14 MAY 2025
Why PAVA Spray Has No Place in Youth Custody

By Aaron Ankrah, Civil Servant, Try Justice Network Member, and Former Prisoner
The recent announcement to roll out PAVA spray in youth custody settings is deeply concerning. As someone who spent time in adult prison and had regular contact with young people from youth offender institutions while in HMP Parc, I have seen first-hand how systems of control operate and how damaging they can be when the focus is on compliance rather than care.
Now, as a civil servant and Try Justice Network member, I remain committed to reform and rehabilitation. But this decision represents a step backward. It risks undoing the very trust, dignity, and stability we need to build for meaningful change in young lives.
PAVA spray is a chemical incapacitant, not a tool of care or de-escalation. Using it on children is not only physically harmful but psychologically scarring. It reinforces fear-based compliance and legitimises force as a normal part of custodial life. The message it sends to children (many of whom already come from traumatic, abusive, or neglectful backgrounds) is simple: you will be controlled, not cared for.
Had this kind of tactic been used on me as a young adult, it would have hardened me further. I witnessed how young inmates, particularly those from Black and minority ethnic backgrounds, were treated differently, spoken to differently, and punished more frequently. There is no doubt in my mind that PAVA will be used disproportionately against these children, just as we already see with stop and search, strip searches, and isolation.
Beyond the trauma and inequality it may cause, PAVA undermines the core of what youth justice should be: rehabilitation, not retribution. A system that relies on chemical force to maintain order is a system that has lost its way.
Rather than escalating force, we should be de-escalating tension. We need a dedicated regulatory body for youth custody settings which is focused on trauma-informed care, therapeutic practice, and rehabilitation.
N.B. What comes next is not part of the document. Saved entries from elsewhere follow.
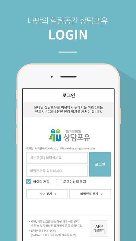 * 모바일 상담포유는 안드로이드 2.3.3, ios 7.0 이상 버전부터 지원 가능합니다.
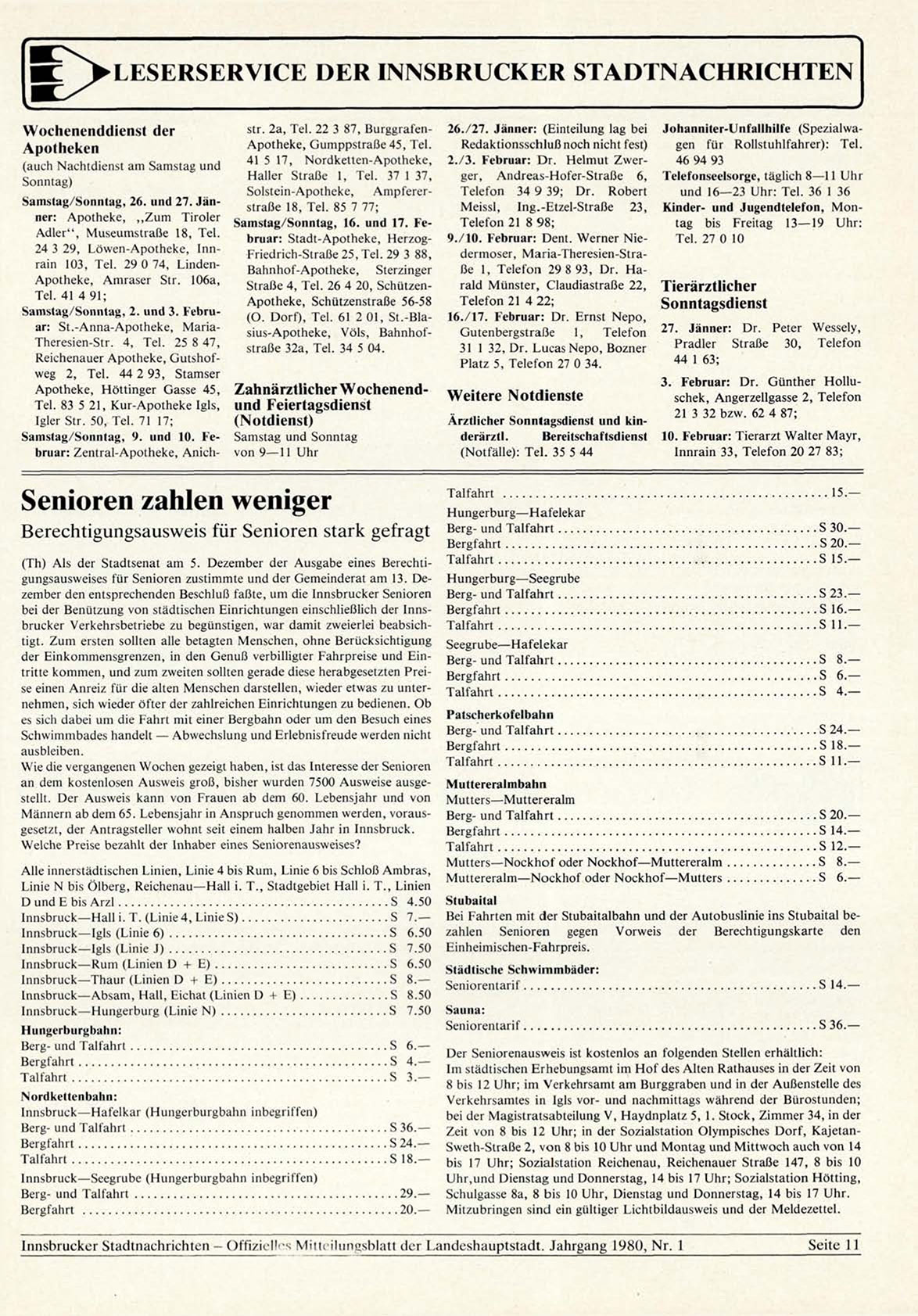 (Th) A l s der Stadtsenat am 5. Dezember der Ausgabe eines Berechtigungsausweises f ü r Senioren zustimmte und der Gemeinderat am 13. Dezember den entsprechenden Beschluß f a ß t e , um die Innsbrucker Senioren
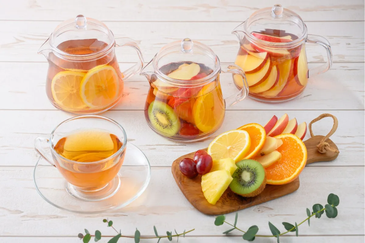 「果実のマリアージュティ」は、視覚的にも楽しませてくれる一杯です。色とりどりのフルーツが注がれ、目でも楽しむことができます。お皿に並べられたケーキや焼き菓子と合わせれば、特別なティータイムが演出されます。
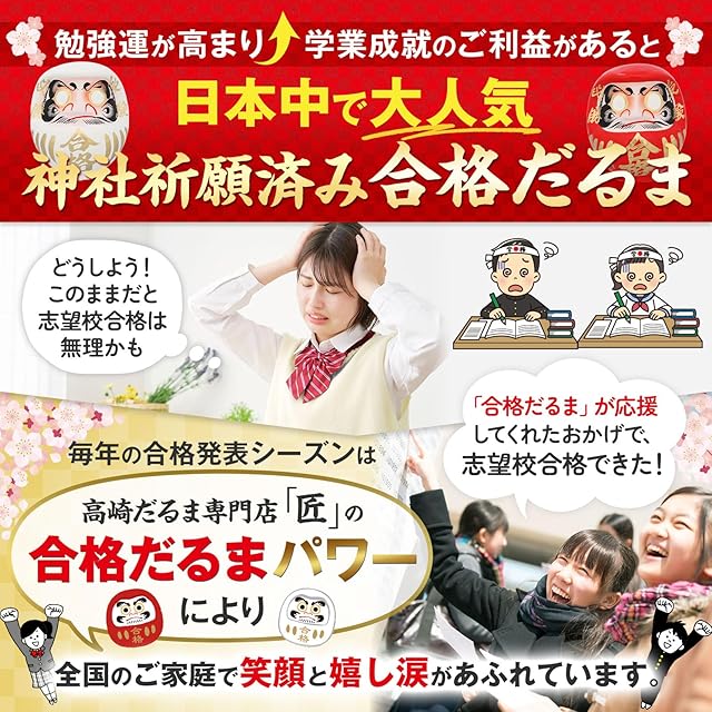 商品名:【神社祈願済み】 合格 高崎だるま 受験必勝 3号 高さ約15㎝ 合格祈願 学業成就 大願成就 受験 応援 鉛筆 置物 グッズ オブジェ お守り 高崎ダルマ だるま ダルマ 達磨 AD019 受験必勝 (赤)
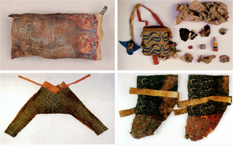 枕头(左上),“长乐大明光”锦裤(左下),锦袋帛鱼(右上),红尼绣花锦靴(右下)
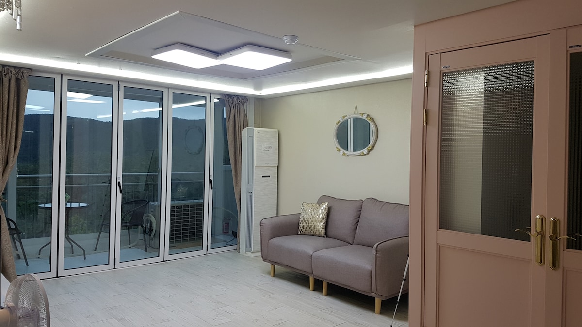 【合法住宿】光安里超级海景/3间客房(客厅+ 2间客房)/3张标准双人床/光安大桥/7人20平米/Netflix/免费停车
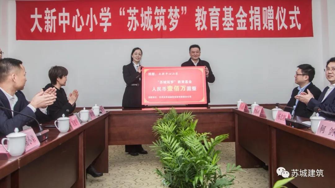 2月26日上午,蘇州市蘇城建筑安裝工程有限公司向大新中心小學捐贈100萬元,設立“蘇城筑夢”教育基金,捐贈儀式于張家港大新中心小學杏樓二層接待室舉行。
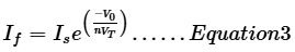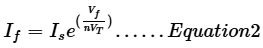 เรารู้ว่าสมการสำหรับกระแสที่ไหลผ่านไดโอด เมื่ออยู่ในสภาวะไบแอสตรง จะเป็นดังนี้ −
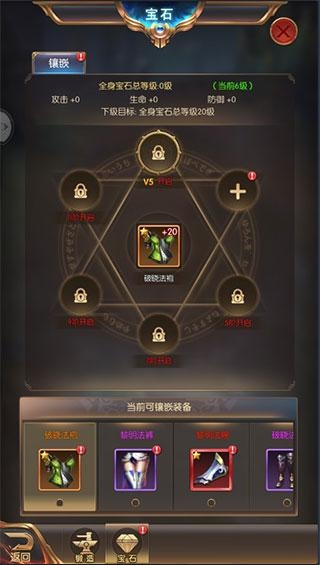 1、宝石镶嵌:得到宝石之后,可以将宝石镶嵌到有镶嵌孔的装备上。镶嵌之后,宝石的属性可以叠加到装备的属性之上。
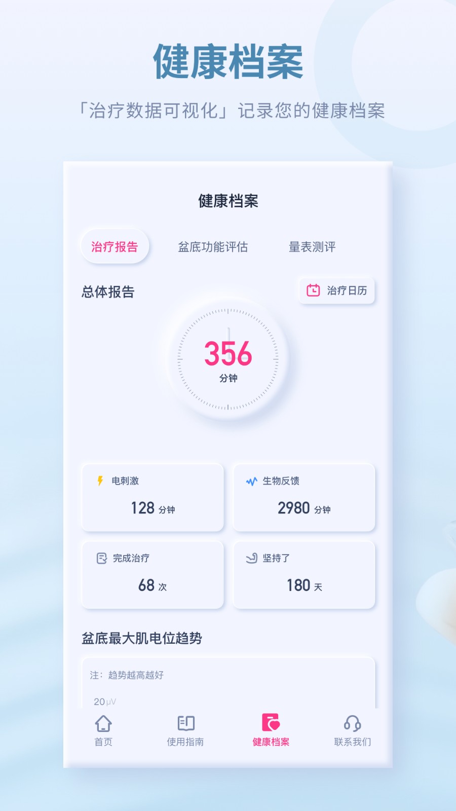 大悦盆底app全面展示用户的治疗数据和记录。治疗历程和成果,一目了然。
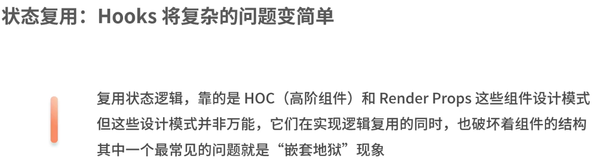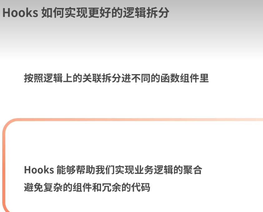 开发者编写的逻辑在封装后是和组件站在一起的,使得类组件内部的逻辑难以实现拆分和复用
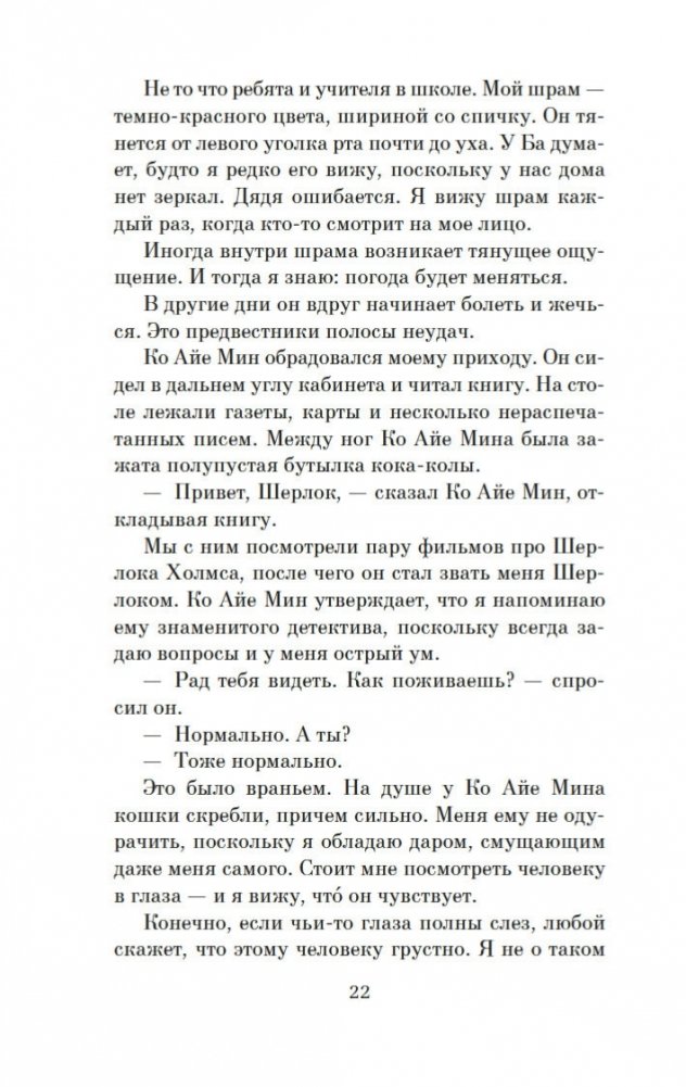 Двенадцатилетний Бо Бо — необычайно проницательный ребенок, он умеет читать эмоции людей по их глазам. И этот дар сильно осложняет жизнь мальчика, который живет со своим восьмидесятилетним дядей в небольшом городке в Бирме и страстно хочет узнать, почему отец навещает его лишь раз в год, а мать вообще не приезжает. И дядя рассказывает ему не только потрясающую историю любви Джулии и Тхар Тхара, но и о страшных событиях, которые сломали Джулию. В памяти Бо Бо остались лишь обрывки воспоминаний о пожаре в монастыре, где он жил с родителями, о ране, которую в гневе Джулия нанесла своему сыну. Однако дядя говорит, что сердце помнит все. И Бо Бо, убежденный, что может исцелить свою мать, может научить ее жить в согласии с собственным сердцем, отправляется на поиски родителей… «Сердце, которое помнит» — это превосходное продолжение романов «Искусство слышать стук сердца» и «Сердце, живущее в согласии».
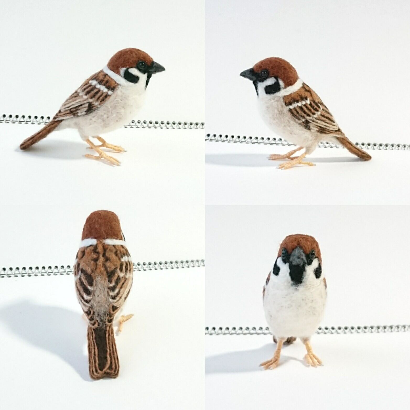 羊毛フェルトで制作したすずめのマスコットです。足に針金を使用しているので指に掴まらせることが出来ます。
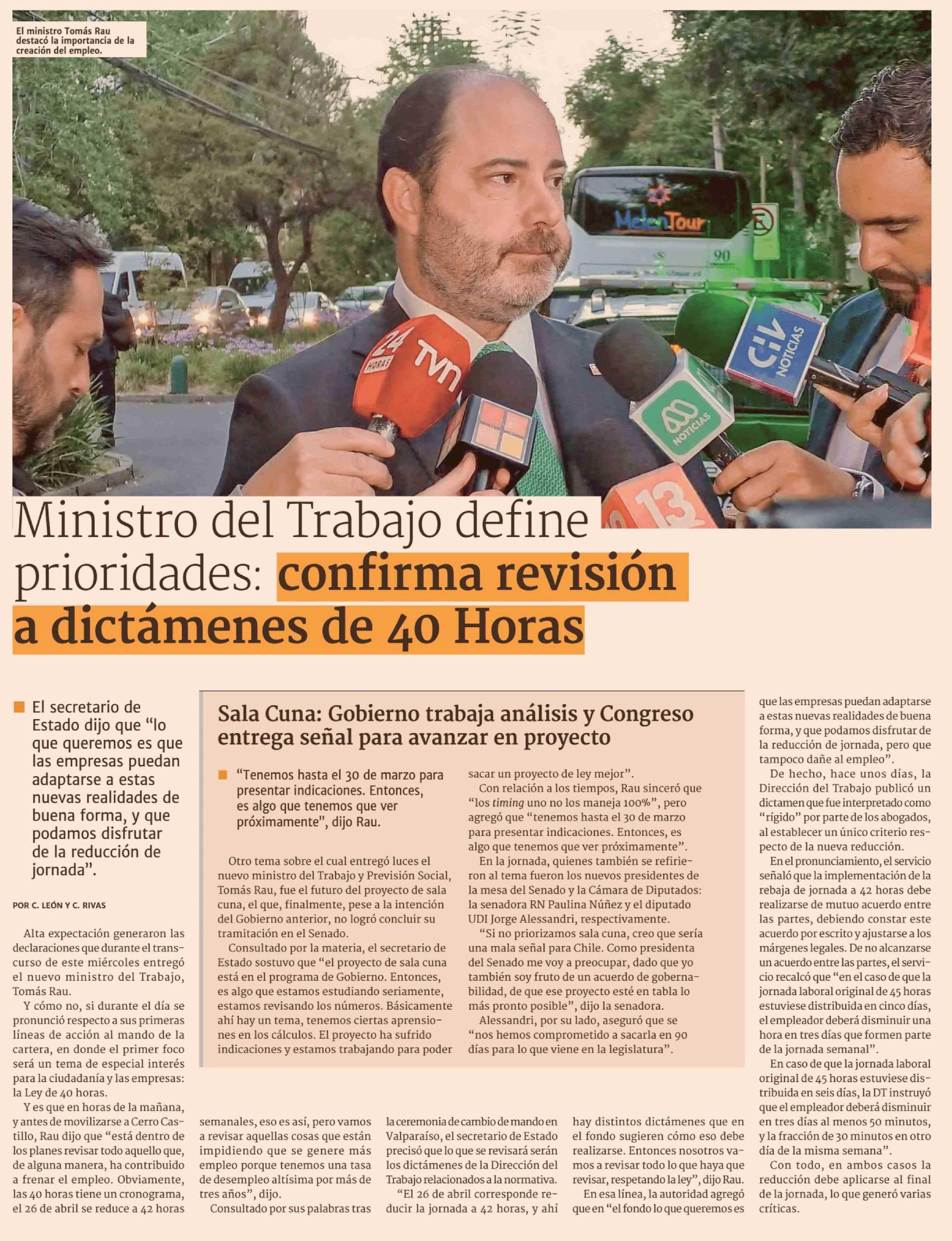 Ministro del Trabajo define 13 prioridades: confirma revisión a dictámenes de 40 Horas
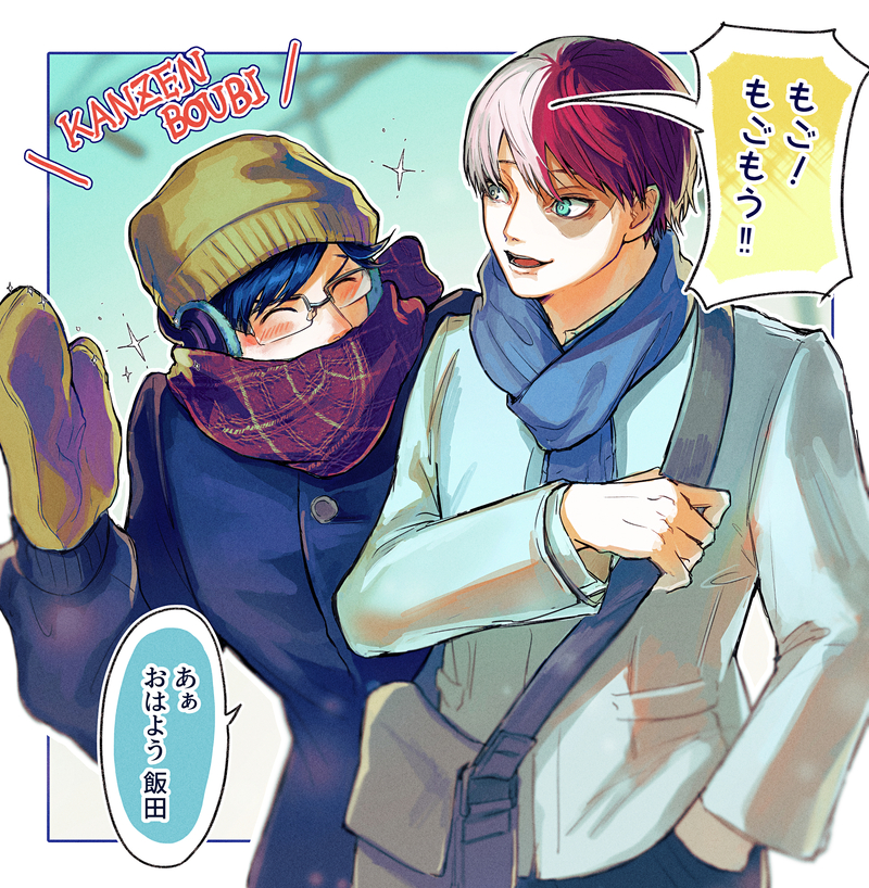 ぐっと冷えた日のニュースにモコモコになってる人が映り込んだところから閃いた轟飯。実際のテンヤはめったにここまで防寒しないかもですが、突然の寒波襲来の時は完全防備委員長がみられたらいいな…可愛いな…。
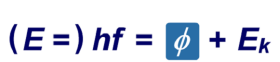 这里E代表光子到达金属表面的能量,可以表示为hf,其中h是普朗克常量(Planck constant),f表示光照的频率(frequency), Φ表示逸出功(电子的)或者功函数,即电子离开金属表面所需要的最小能量,Ek表示离开了金属表面的光电子所获得的能量
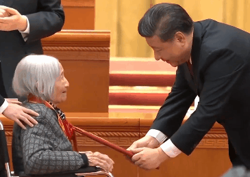 一位98岁高龄的老人,坐着轮椅,被工作人员推上台领奖。她先后两次颤颤巍巍地用手撑着轮椅扶手,试图起身向习近平总书记致意。总书记轻拍她肩膀,并暖心地弯腰俯身为其颁授证书。
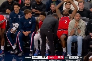 伤不起啊!伦纳德防守时又被撞到&一瘸一拐 已确定退赛!
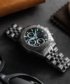 As daylight fades, the Montego reveals its luminous secret: glowing hands and vibrant green indices ensure excellent legibility in the dark—and lend the watch a striking nighttime charisma. A screw-down crown adds to its robust build, while the black cordura rubber strap offers both comfort and strength. In every detail, the Montego chronograph reflects a passion for precision and an unshakable sense of style.
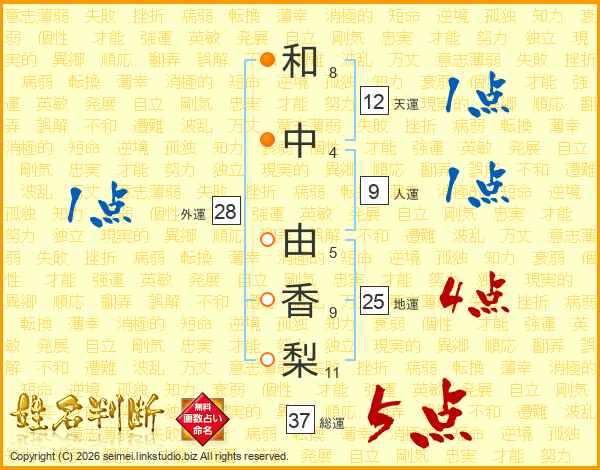 和(8画)中(4画) 由(5画)香(9画)梨(11画)
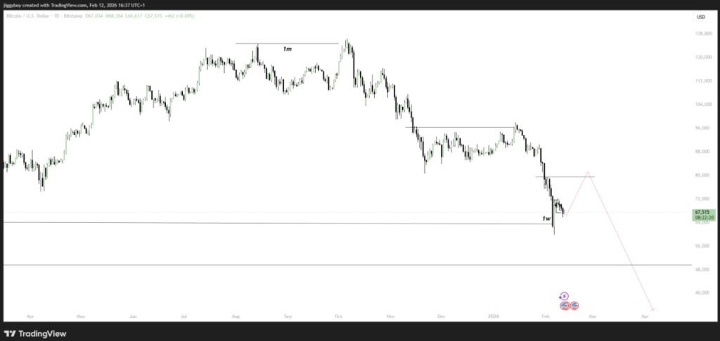 BTC has been sliding for months, and the real damage came after the early February breakdown. Bitcoin lost a major support zone and dropped sharply into the mid-$60,000s, with only a small bounce showing up so far. It’s not the kind of dip that screams “healthy pullback.” It looks more like a structural reset.
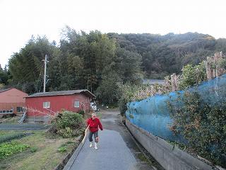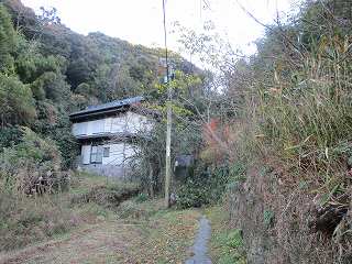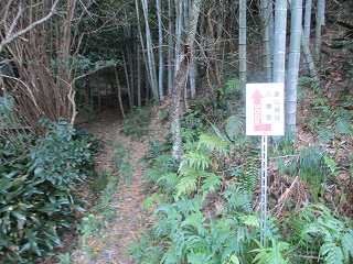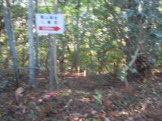 ここから左側(東側)に進んで、一番奥の家の所から登るのだという。そこで東側に進んで行く。すると、奥の家の所で道は行き止まりになってしまった。「あれっ」と思ったのだが、奥の民家の脇を抜けていくと、その先に登城口の案内が見えてきた。これは知らないと分かりにくい。
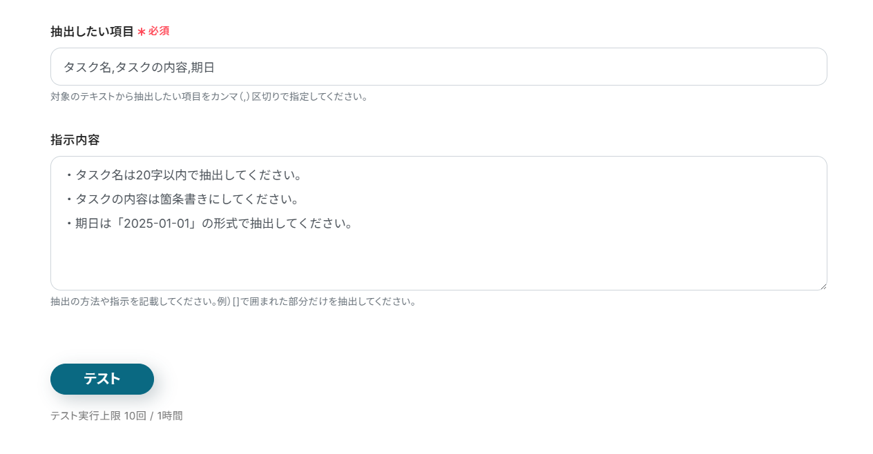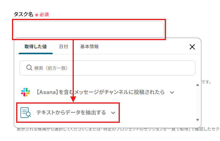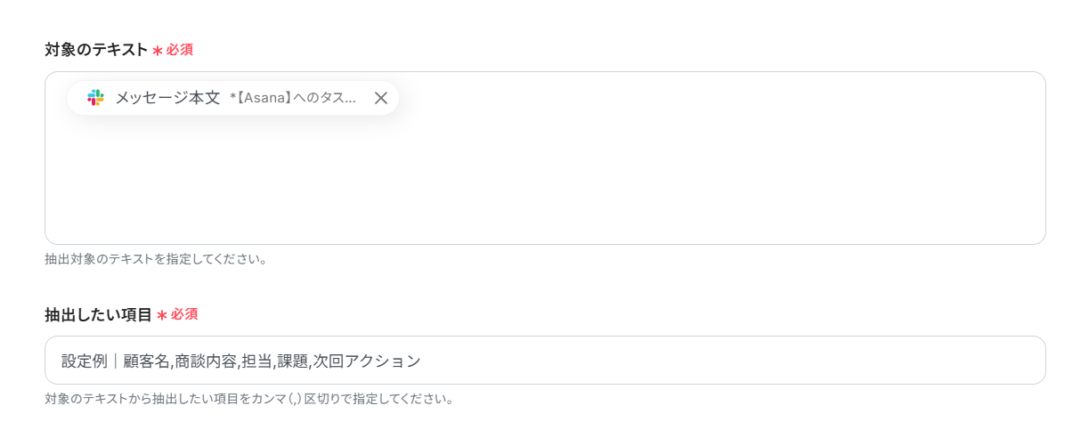 「抽出したい項目」に、目的に応じて任意の項目を設定。 ここで抽出した項目をAsanaのタスク追加に用います。 ※ タスク追加にはタスク名が必須です。 ※ タスクの開始日や期日は「2021-01-01」という形式で設定します。

Currently, Ofsted are a regulatory body, but youth custody settings operate differently from other school settings and having the same regulatory body risks not meeting the needs of such a specialist environment.
What works, and I have seen it work, is consistency, structure, and emotional support. Young people in custody need hope, boundaries, and someone who genuinely sees their potential. In my experience, officers who made the effort to connect were respected - not because they used power, but because they showed understanding. Those are the relationships that change behaviour, not a spray canister.
This policy does not improve safety. It compounds harm. If we truly care about the futures of these young people, many of whom will return to our communities, we must invest in people, training, and support systems. Not weapons.
This is not just a professional view. It is a lived experience one. And from where I stand, there is no justification for PAVA in youth custody.